Thursday, October 16, 2008

Gas mask handout delayed to late 2009


I’m sure Syria will absolutely respect the problem the Israeli government is having with the budget and delay any chemical strike on Israel until the gas masks have been distributed.

Oct 16, 2008 0:38 | Updated Oct 16, 2008 0:50

Due to budget disputes with the Treasury, the Defense Ministry has been forced to postpone the distribution of gas masks to the public by at least six months to late 2009, The Jerusalem Post has learned.

Last year, the Defense Ministry finished collecting gas masks from the public and in the past few weeks completed refurbishing a majority of the kits. The initial plan, a senior defense official said Wednesday, was to return the masks to the public in January.

"Most of the masks are refurbished and they are sitting and waiting to be returned to the public," the official said. "We initially wanted to return the masks in January but the Treasury did not release the funds and we are still waiting for the budget to be able to hire a civilian company to distribute them."

The gas masks are an essential component of the public's "protective envelope" in the event of a chemical attack, according to the official. When in the hands of the public, the masks also play a role in deterring enemies from using such weapons.

"When an enemy knows that the number of casualties will not be so high since the public has masks it needs to think very hard whether it is in its best interest to use chemical weapons," the official said.

Syria is believed to have a large stockpile of chemical and biological weapons.
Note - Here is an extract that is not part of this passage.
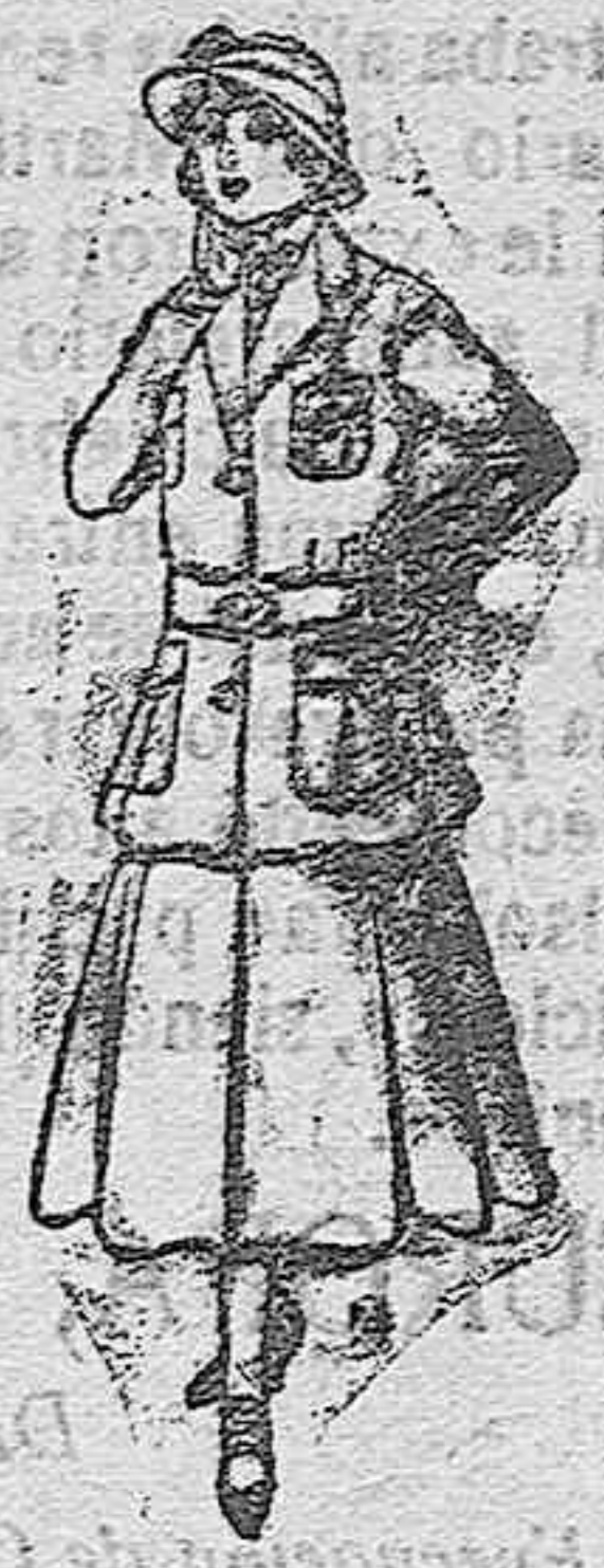
Trajes de lana para jovencitas de 13 á 16 años. De pesetas 40 á 45.

According to the Global Security Web site, the Syrian arsenal is comprised mostly of large amounts of the Sarin nerve agent and mustard gas and is reportedly producing and weaponizing the VX nerve agent. The US, the site says, has estimated that Syria has several hundred liters of chemical weapons, with hundreds of tons of agents produced annually.
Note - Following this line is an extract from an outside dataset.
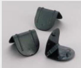
Kantenschutz mit Dorn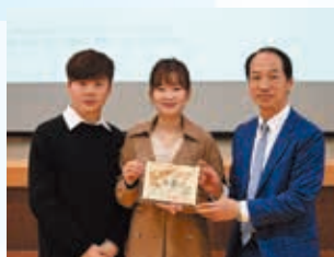
正向思維和健康心靈分享

In related news, the IDF Home Front Command will hold its first ever course next week to train officers to serve as liaisons to regional and local authorities in the event of a war. The new position - called yaklar in Hebrew - was set up following the Second Lebanon War. The officers' job will be to assist mayors and council heads in running their communities in time of war and during missile onslaughts.

The decision to appoint liaisons to regional councils was made in line with the establishment last year of the National Emergency Administration by Deputy Defense Minister Matan Vilna'i that oversees the management of the home front in wartime.